Le FMI a exhorté le gouvernement libanais a trouvé une sortie de crise ainsi qu’un accord pour un plan de sauvetage mais les fractures politiques sont profondes et s’accompagnent de fragmentation sociale. Washington accuse le Hezbollah –allié de Téhéran -  et poids lourd de la vie politique libanaise de « siphonné des milliards de dollars qui auraient dû aller dans les coffres du gouvernement ». Ces propos sont ceux tenus par l’Ambassadrice américaine au Liban, Dorothy Shea à une chaîne de télévision saoudienne. Des déclarations qui ont été largement critiqués et qui donnent une dimension internationale à cette crise aux innombrables ramifications. 

Sur le plan intérieur, cela s’est traduit par des licenciements en masse et une baisse des salaires. Le quotidien des Libanais va de privation en privation. Les coupures d’électricité viennent également rappeler aux populations les tristes années de guerre. Les feux de circulation sont éteints. Rien ne va plus dans la belle Beyrouth qui faisait rêver tout le Moyen-Orient et même au-delà ! 

L’année 2020 est celle qui vient célébrer les 100 ans du pays ! Un bien triste anniversaire que ce centenaire. Le Liban fait aujourd’hui face à son destin. Ce n’est pas seulement une crise financière qui le tourmente - après avoir vécu une longue guerre fratricide (1975-1990) - c’est de son existence même dont il est question aujourd’hui. Que vaut un pays si ses populations n’arrivent pas à manger et se suicident de faim ? Ali Al-Haq avait 60 ans lorsqu’il a tourné son revolver contre sa tempe et s’est tué au vue de tous et en pleine rue. Malheureusement, ce cas n’est pas isolé et plusieurs suicides suivront. 

Le Liban suffoque, plus personne n’arrive à le diriger. Pour l’heure la classe politique se déchire, Alain Bifani, directeur général du ministère des Finances et chargé négocier avec le FMI a quitté son poste. Les magasins ferment à Beyrouth, à Tripoli et dans bien d’autres villes libanaises. Le manque de liquidités bloque tout le pays et prend ses populations en otage. 

Après un répit qui aura duré le temps de la pandémie, manifestations et soulèvements populaires reprennent. Tripoli est devenue le centre de la contestation. Ici on dit préférer mourir du coronavirus que de la faim. La délinquance a, par ailleurs, atteint des niveaux records dues au chômage, au grand désespoir des habitants. 

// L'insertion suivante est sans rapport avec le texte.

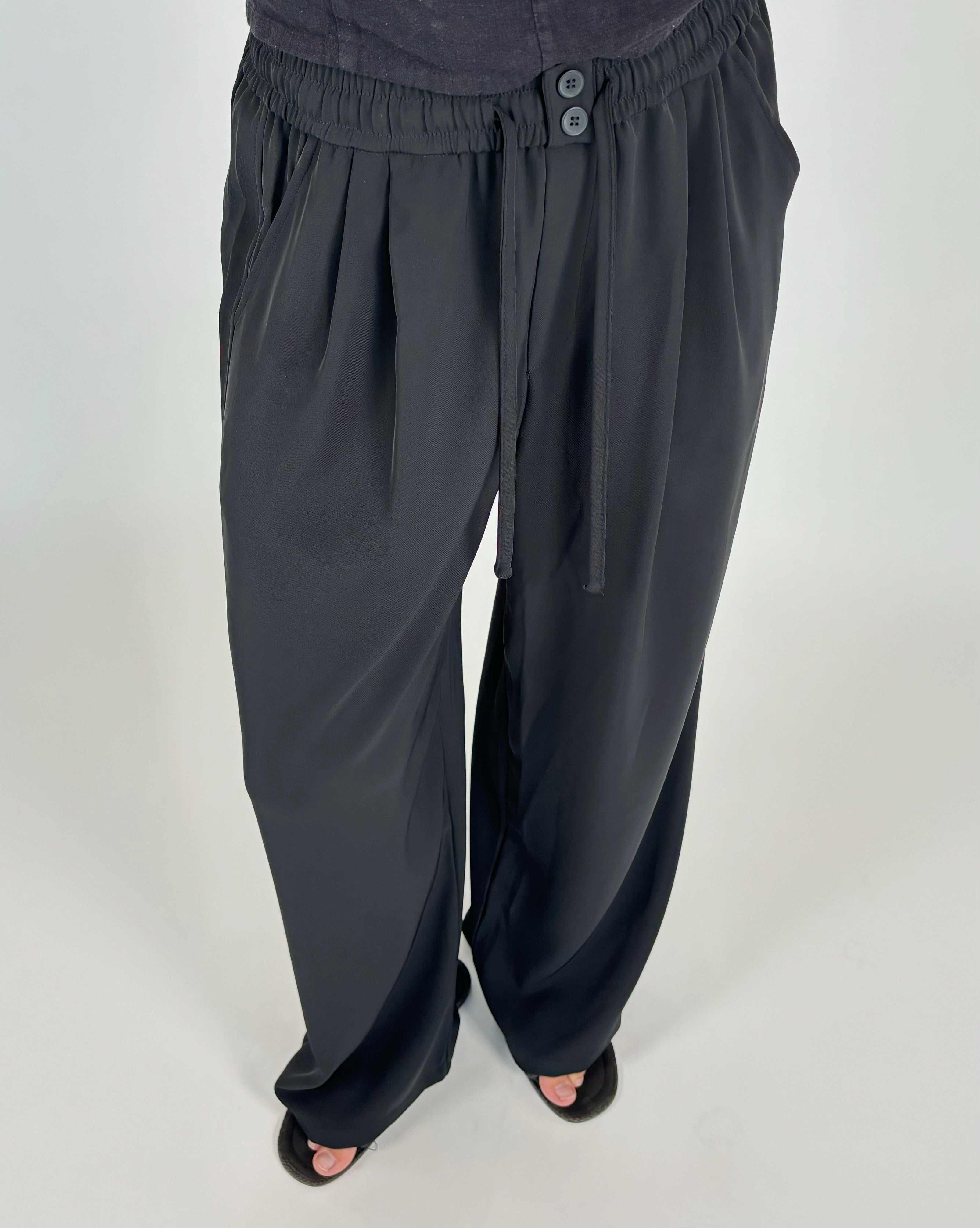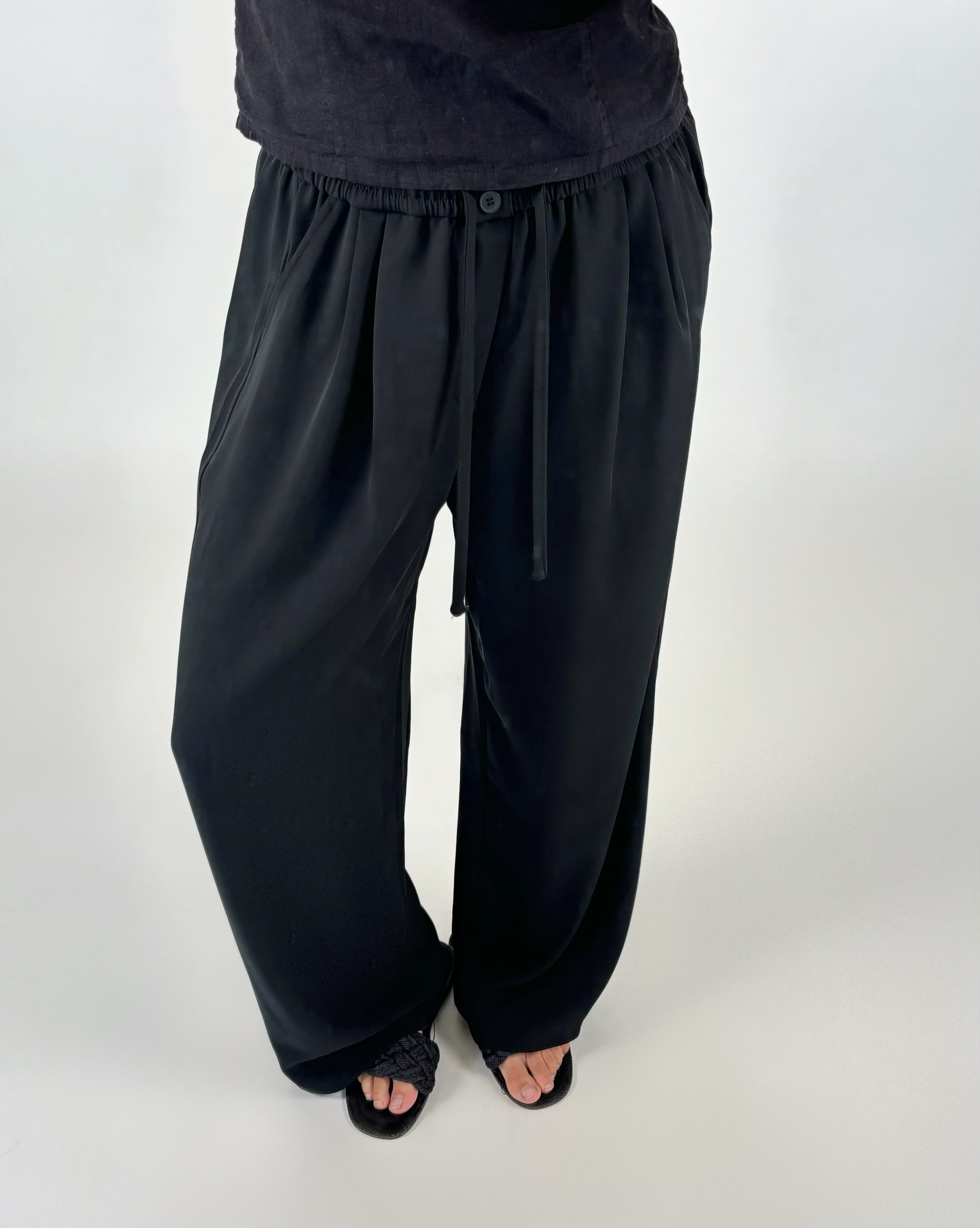 Våra SOLA byxor, svart är lösa i looket, de har elastik samt snörning i midjan.

Au Liban on parle d’« élite banquière » qui échappe à tout contrôle. Des fuites de capitaux ont été décriés récemment encore et le pays évolue d’un scandale financier à un autre. Le FMI a d’ailleurs conditionné son aide par l’instauration d’un contrôle des capitaux mais là encore ce n’est pas gagné… Le 13 juillet, le Fond Monétaire International a réitéré sa demande et veut des réponses claires : « Il est très important que les autorités s'unissent autour du plan du gouvernement. De notre côté, nous sommes prêts à travailler avec les autorités pour améliorer le plan là où c'est nécessaire », a déclaré Athanasios Arvanitis, directeur adjoint du FMI pour le Moyen-Orient et l'Asie centrale. Pour mémoire Le ministre des Finances, Ghazi Wazni, avait déclaré que les pourparlers avec le FMI étaient suspendus. Ce plan de sauvetage semble bien compromis et difficile à mettre en place. Les différentes fractions de la classe politique se déchirent et les guerres de clan n’ont pas fini de faire des victimes. 

Face à l’incapacité du gouvernement à trouver une sortie de crise, la société civile s’est organisée. Repas et soins médicaux sont distribués par des bénévoles et des fonds ont été levés pour venir en aide aux commerces en difficultés. Les Libanais ne manquent pas d’imagination et le troc est devenu une nouvelle façon d’échanger biens et marchandises. Des pages facebook ont été créées à cet effet et d’autres pour encourager le commerce local. Très vite cette option a pris un essor considérable. 

Les Libanais tentent par tous les moyens de sortir de cette mauvaise passe mais ce qui est sûr c’est qu’ils ont besoin aussi -et surtout- de leur gouvernement, qui pour l’heure se montre incapable à résoudre leurs problèmes.